Working in the woodshop at Parson’s School of Design, Alan Reid draws inspiration, in an ironic way, and finds useful materials, in a work with what you’ve got kind of way, through the discarded scraps of wood left behind from drill presses, routers, and other power tools. In his second show at Lisa Cooley, With, Reid uses these bits and pieces and presents them atop seven large canvases, upon which rest seven lethargic, ephemeral females.
The women lounge casually, yet as is made obvious in their facial expressions, they seem irked at the scattered bits of wood scraps and dowels dotting the surface of their domain, their canvas. Not entirely upset, just annoyed. Although the canvas is naturally where Reid’s artistic hand lies, the playful additions of these haphazard scrap materials add another dimension, literally, to the show. On Sao Paulo Turtleneck, the colored wood balls died with polychrome look like juicy plums, sticky lollipops, and red rubber balls. Each ball has a different surface texture, some are matte and some are glossy, some you can see the wood grain and some are illusory smooth surfaces. Just as the three-dimensional objects rest lightly above the canvas’ surface, almost as if magnetized rather than glued on, the artist’s marks of colored pencil and caran d’ache seem so feathery on the surface – so fragile, it might fall off. Even the moles on the womens’ skin, such as in Mintadi, are speckled so delicately it’s as if they appeared organically, magically, rather than applied with the artist’s touch of ink. The silk that clothes the bodies of the woman in Highland is so light and airy that if a breeze came through the open door of the gallery, the woman would likely be left nude!

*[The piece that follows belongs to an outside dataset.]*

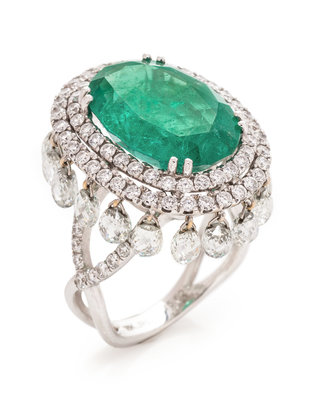 containing one oval cut emerald weighing approximately measuring approximately 16.90 x 11.75 x 6.55 mm, 92 round brilliant cut diamonds weighing approximately 1.50 carats total and 20 briolette cut diamonds weighing approximately 2.50 carats total.

Lightness as a theme in this exhibition, is especially amplified with the addition of the painted wood attachments. Even though less obvious in The Official, the wood attachments act almost like a grammatical point – a paranthesis or a semicolon adding something to a longer sentence. The single stripe crossing the top-right diagonal is an elegant, quiet trio of ochre, teal, and bare balsa wood. Reid’s technique, both on the canvas and on top of the canvas, is unique and almost shocking in its simplicity.